Step 7: Interpret Results
Once the analysis completes, Claude fetches the full results using get_job_results and provides a plain-language summary. For the CD2 dataset, the RELAX analysis found:
- Significant evidence of relaxed selection on rodent (Test) branches relative to primate (Reference) branches (p = 0.018, LRT = 5.59)
- The relaxation parameter K = 0.009, well below 1, indicating that selection pressures on rodent branches are substantially relaxed compared to primates
- Under the alternative model, reference (primate) branches showed strong contrast between purifying selection (ω = 0.017–0.019, ~96% of sites) and a small class under very strong diversifying selection (ω = 3.10–13.95)

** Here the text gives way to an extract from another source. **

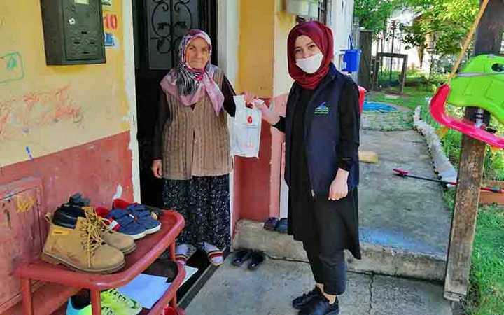 'Türkiye Cumhuriyeti Cumhurbaşkanlığı' yazılı poşetler içerisinde maske, kolonya ve Cumhurbaşkanı Recep Tayyip Erdoğan'ın mektubu yer aldı. Covid-19 tedbirleri kapsamında 21 Mart tarihinden bu yana sokağa çıkamayan 65 yaş üstü yaşlılara 4 saatlik sokağa çıkma izni öncesinde Alo Evlat ekipleri paketleri teslim etmiş oldular.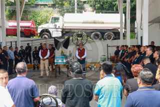 NAUCALPAN, ESTADO DE MÉXICO, 18SEPTIEMBRE2024.- Compañeros y familiares del fotógrafo bombero que trabajaba en Protección Civil de Naucalpan lo velaron está tarde, el elemento murió cuando se encontraba trabajando en los deslaves de la colonia San Rafael Chamapa. FOTO: ROGELIO MORALES/CUARTOSCURO.COM

- Test (rodent) branches had more moderate values (ω = 0.73 for the purifying class, ω = 1.34 for the diversifying class), consistent with relaxation pulling everything toward neutrality
- The analysis flagged 2 duplicate sequences (Human/Chimp and Baboon/RhMonkey), which is expected given the slim 17-codon dataset

Available Analyses
The Datamonkey MCP server supports a wide range of HyPhy methods beyond RELAX, including:
| Method | Description |
|---|---|
| aBSREL | Adaptive branch-site random effects likelihood — tests for episodic diversifying selection on individual branches |
| BUSTED | Branch-site unrestricted statistical test for episodic diversification — tests whether a gene has experienced positive selection |
| FEL | Fixed effects likelihood — tests for selection at individual sites |
| MEME | Mixed effects model of evolution — detects episodic positive selection at sites |
| SLAC | Single-likelihood ancestor counting — a fast, conservative site-level selection test |
| FUBAR | Fast unconstrained Bayesian approximation — Bayesian site-level selection analysis |
| GARD | Genetic algorithm for recombination detection — screens alignments for recombination breakpoints |
| CFEL | Contrast-FEL — tests for differences in selective pressures between groups of branches at individual sites |
| BGM | Bayesian graphical model — identifies coevolving sites |
| FADE | FUBAR approach to directional evolution — detects directional selection at sites along specified branches |
| PRIME | Property informed models of evolution — identifies selection at sites driven by changes in amino acid properties |
You can ask Claude to list all available analyses and their parameters at any time by saying something like “What analyses can I run with Datamonkey?”
Tips
- Natural language is sufficient. You don’t need to know HyPhy command-line syntax. Just describe what you want to test and Claude will handle parameter selection and job configuration.
- Attach multiple files. You can add several alignments to a project and run different analyses across them in the same conversation.
- Ask follow-up questions. After receiving results, ask Claude to explain specific values, compare across analyses, or suggest next steps.
- Iterative workflows. You can chain analyses together — for example, run GARD first to check for recombination, then run site-level methods on the resulting partitions.